The next day, I emailed my doctor, because Dr. Aron can't prescribe medicine here in America, since he doesn't practice here. You'll need a doctor on board to prescribe the specific regimen Dr. Aron works up for your child once he reads his/her history and views the pictures you send in. Our doctor was fully on board, so we submitted our paperwork/history and prayed. Dr. Aron emailed me within a few days with Landon's formulation. Yesterday, we picked up our cream and started our regimen. So far today, he has not scratched one single time. His skin still looks terrible, but I have a twinkle of hope. We're documenting this process pretty thoroughly in video and pictures, so hopefully soon I'll have a success story to share in depth, but we're also trying to be realistic, as we've been down the road of hope so many times since Landon was born only to have our hope shattered. 


There are other options out there that some people have had success with, and perhaps one day, if our current treatment really doesn't work, we can explore these options. But at the moment, we are drained and worn down and ready to admit that this may just be completely beyond our control. 

Some other options to explore on your own are:

Homeopathy - I've heard good things about this, this and this. 

Boosting the immune system with a supplement like this.

Chinese Herbs/Acupuncture - I honestly don't know much about this but there's a little info here.

We live insanely holistically compared to most people we know. The irony that our children have battled a disease which many say is caused by not living cleanly enough is not lost on me. We all have our trials, and right now, this is Landon's trial. 

I'm comforted when I read books from parenting experts that say children today do not face enough trials during their upbringing and they go on to become incompetent adults. This is totally another post for another day, but the rate of children who turn 18 and don't leave home - or more shockingly, turn 25 and still live there! - is a little terrifying to me. We have to constantly restrain ourselves from babying Landon and waiting on him hand and foot. Right now, this is Landon's trial, but we try to treat him as normally as is humanly possible given his condition, because we know that if he doesn't learn to cope during childhood, the chances that he'll have solid coping skills as an adult are pretty diminished.
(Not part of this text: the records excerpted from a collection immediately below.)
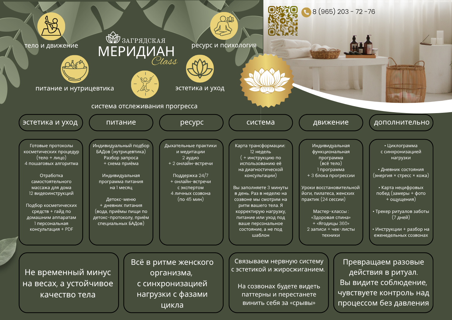 Особое внимание уделено нутрицевтике, меню персональной программы питания и детокс-меню, подобранным индивидуально, а также косметическим протоколам для лица и тела. Программа сопровождается круглосуточной поддержкой куратора и онлайн-встречами, что обеспечивает постоянную мотивацию и контроль. Такой подход помогает не только улучшить физическое здоровье, но и обрести устойчивое эмоциональное равновесие.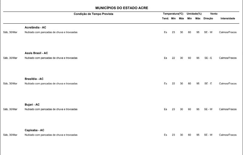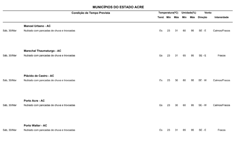 Neste sábado (3), a previsão para todas as regiões acreanas é de predomínio de sol entre muitas nuvens, deixando o tempo nublado e no período da tarde e noite ocorrem pancadas de chuva acompanhadas de trovoadas.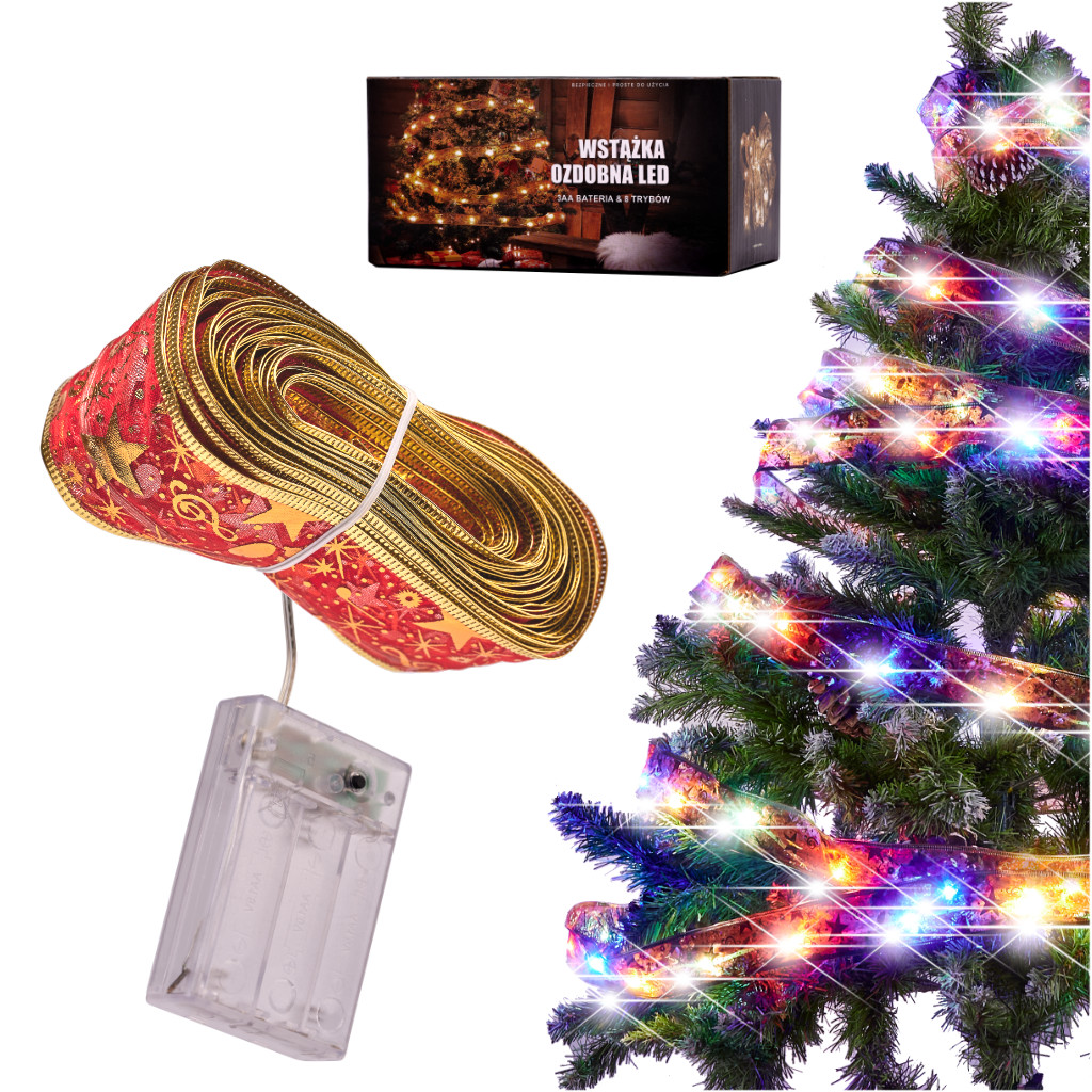 Karácsonyi fények, szalag, 10m | 100 LED elemes működésű, ideálisak otthonos és ünnepi hangulat megteremtéséhez bárhol. 10 méteres hosszával ideális karácsonyi dekoráció. Száz színes égő teremt ünnepi hangulatot. Az elemes működésnek köszönhetően a szalag bárhová felakasztható. Nyolc világítási mód lehetővé teszi a hangulat gyors megváltoztatását a szobában – csak meg kell nyomni egy gombot. A LED-lánc kiváló minőségű anyagokból készült és teljesen biztonságos. CE tanúsítvánnyal rendelkezik.

Chronically ill children often have a hard time adjusting to life outside of the home, as, through no fault of their own, they are relatively entitled. We don't want him to be another statistic. Maybe this trial is setting him up to be a strong, independent grown man with amazing coping skills and a passionate concern/empathy for suffering. A mama can hope, at least. 
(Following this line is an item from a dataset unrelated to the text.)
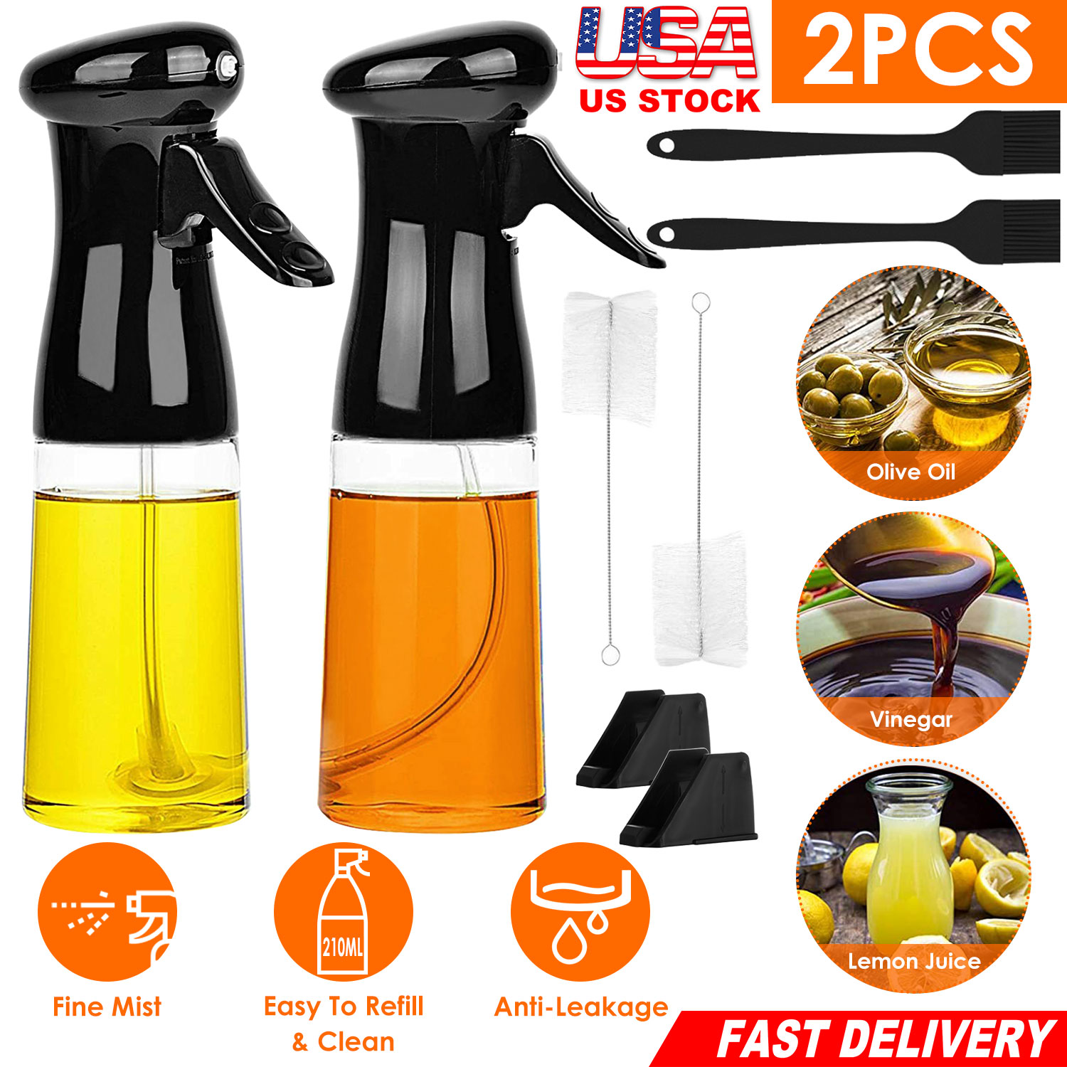 Home > Olive Oil Sprayer 2Pcs 210ML 7.1OZ Reusable Oil Dispenser Mister Refillable Glass Vinegar Bottle w/ Blaster Cleaning Brush For Cooking BBQ Roast Salad

Best of luck to any of you suffering! My heart literally aches thinking of all the other children (and adults) out there who suffer every single day of their lives. I can't even fathom what it would be like to be in pain nearly every minute of every day or to feel such a compelling and uncontrollable urge to scratch that you would willingly rip your skin apart. It's so sad that this disease is spreading out of control, but I think it should be a catalyst for change. Something is clearly wrong, and we're watching allergies, eczema and asthma literally explode within the youngest population. It's time to demand changes in our environment and be the best advocates for the next generation. We're in this with you. Xo.
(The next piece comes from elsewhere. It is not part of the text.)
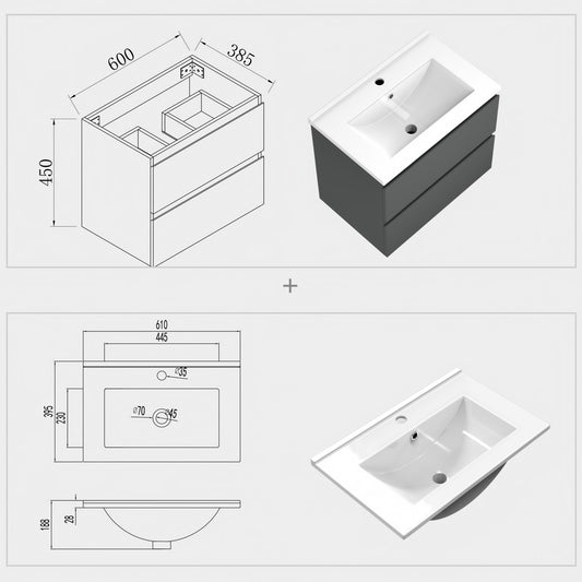 Badmöbel Set 60cm Waschbecken mit Unterschrank Waschtisch Standschrank Anthrazit

  1. I am so, so grateful to have found your blog. My 2 year old has had eczema since birth. It has only gotten worse. We have tried every suggestion thrown at us, anectdotes as well as medical advice. I have not heard of the GAPS diet. Not all of hers is related to food but some is. Actually, I now have no clue WHAT it is. And you're right. People think of eczema as just an itchy patch here or there. They don't see how tormented & exhausted these children are. I know there are far worse ailments but I absolutely hate this one. Thank you and I'm so happy to find some information I hadn't heard before!

  2. Is there any update or another blog with updated info? Did tbe Dr.Aron regime work?